Source records
<<<<
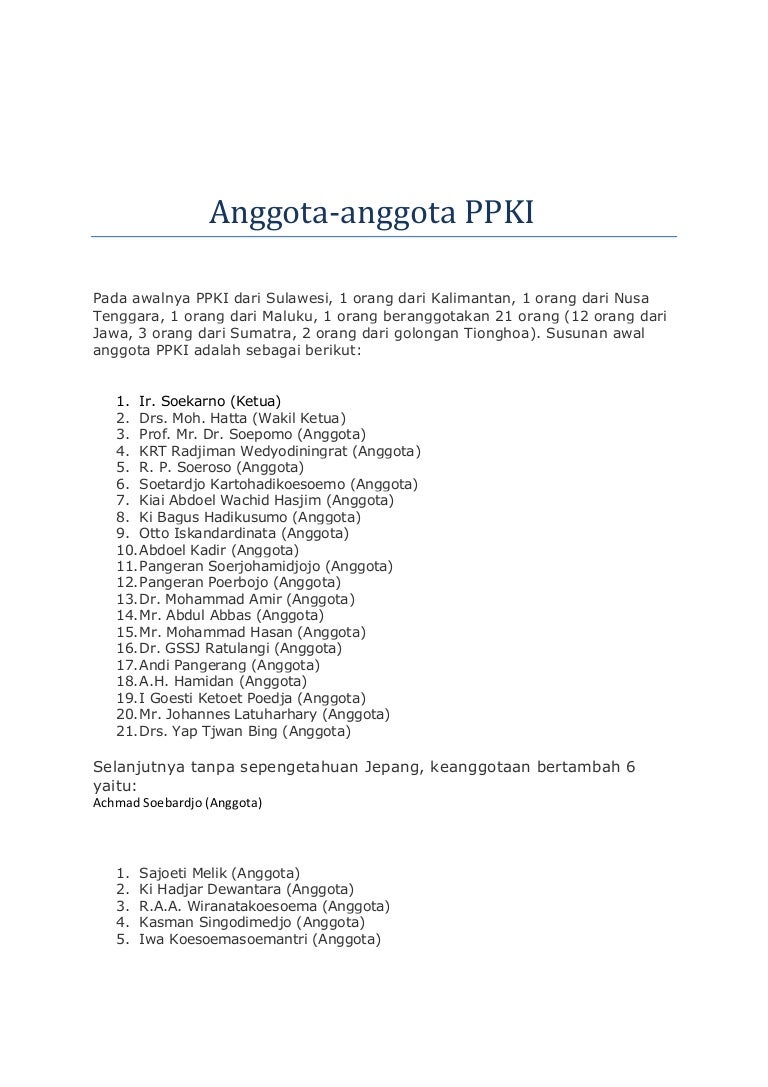 Apa tujuan dari pembentukan ppki? Pada awalnya, komposisi keanggotaan ppki hanya beranggotakan sejumlah 21 orang (12 orang dari daerah jawa, 3 orang dari sumatera, 2 orang dari sulawesi, 1 orang dari kalimantan, 1 orang yang berasal dari nusa tenggara, 1 orang berasal dari maluku, dan 1 orang berasal dari golongan tionghoa). Beradasarkan jumlah keterwakilan pulau, maka pulau jawa memiliki wakil yang paling banyak yaitu.
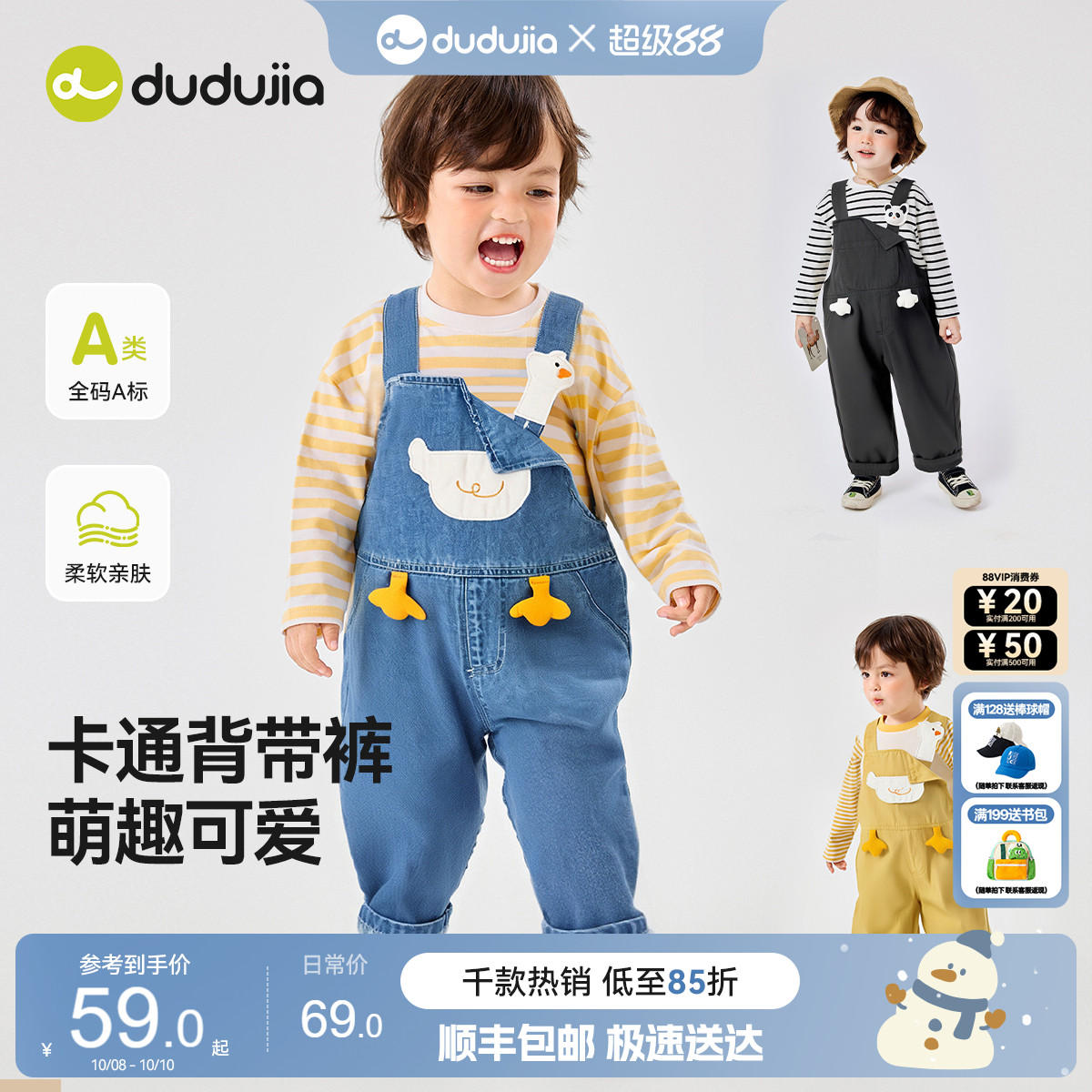 嘟嘟家宝宝背带裤春秋儿童裤子春款男童长裤女童春装卡通休闲裤潮
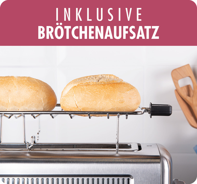 Mit dem langen Brötchenaufsatz lassen sich problemlos Brötchen, Croissants, Kuchen und sogar ganze Baguettes aufwärmen. Das sehr schmale Design mit nur 15 cm Breite, machen den Design Toasters Advanced 4S besonders für kleine Küchen, Single-Haushalte, Wohnmobil- oder auch Ferienhäuser interessant. Eine Hi-Lift Funktion zum einfachen Herausnehmen von kleinem Backwerk, ein integriertes Krümelfach und der Energiesparmodus runden die Vielzahl an praktischen Funktionen des GASTROBACK® Design Toasters Advanced 4S ab. Damit steht einem perfekten Frühstück nichts mehr im Wege!
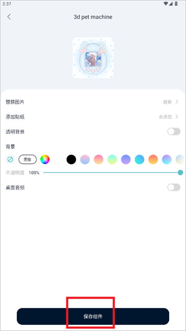 2、设置小组件样式,完成后,点击保存组件
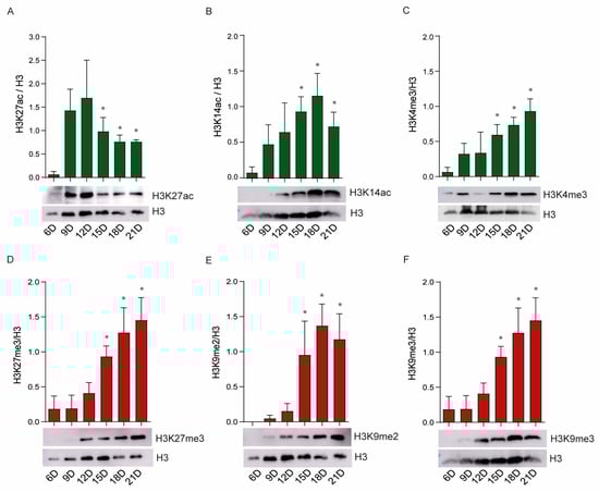 - Pasini, D.; Malatesta, M.; Jung, H.R.; Walfridsson, J.; Willer, A.; Olsson, L.; Skotte, J.; Wutz, A.; Porse, B.; Jensen, O.N.; et al. Characterization of an antagonistic switch between histone H3 lysine 27 methylation and acetylation in the transcriptional regulation of Polycomb group target genes. Nucleic Acids Res. 2010, 38, 4958–4969. [Google Scholar] [CrossRef] [PubMed]
>>>>
The line that contains "2、设置小组件样式,完成后,点击保存组件" opens the part to copy, and the last line of the records closes it; set down those lines exactly, pictures excluded.

 2、设置小组件样式,完成后,点击保存组件
 - Pasini, D.; Malatesta, M.; Jung, H.R.; Walfridsson, J.; Willer, A.; Olsson, L.; Skotte, J.; Wutz, A.; Porse, B.; Jensen, O.N.; et al. Characterization of an antagonistic switch between histone H3 lysine 27 methylation and acetylation in the transcriptional regulation of Polycomb group target genes. Nucleic Acids Res. 2010, 38, 4958–4969. [Google Scholar] [CrossRef] [PubMed]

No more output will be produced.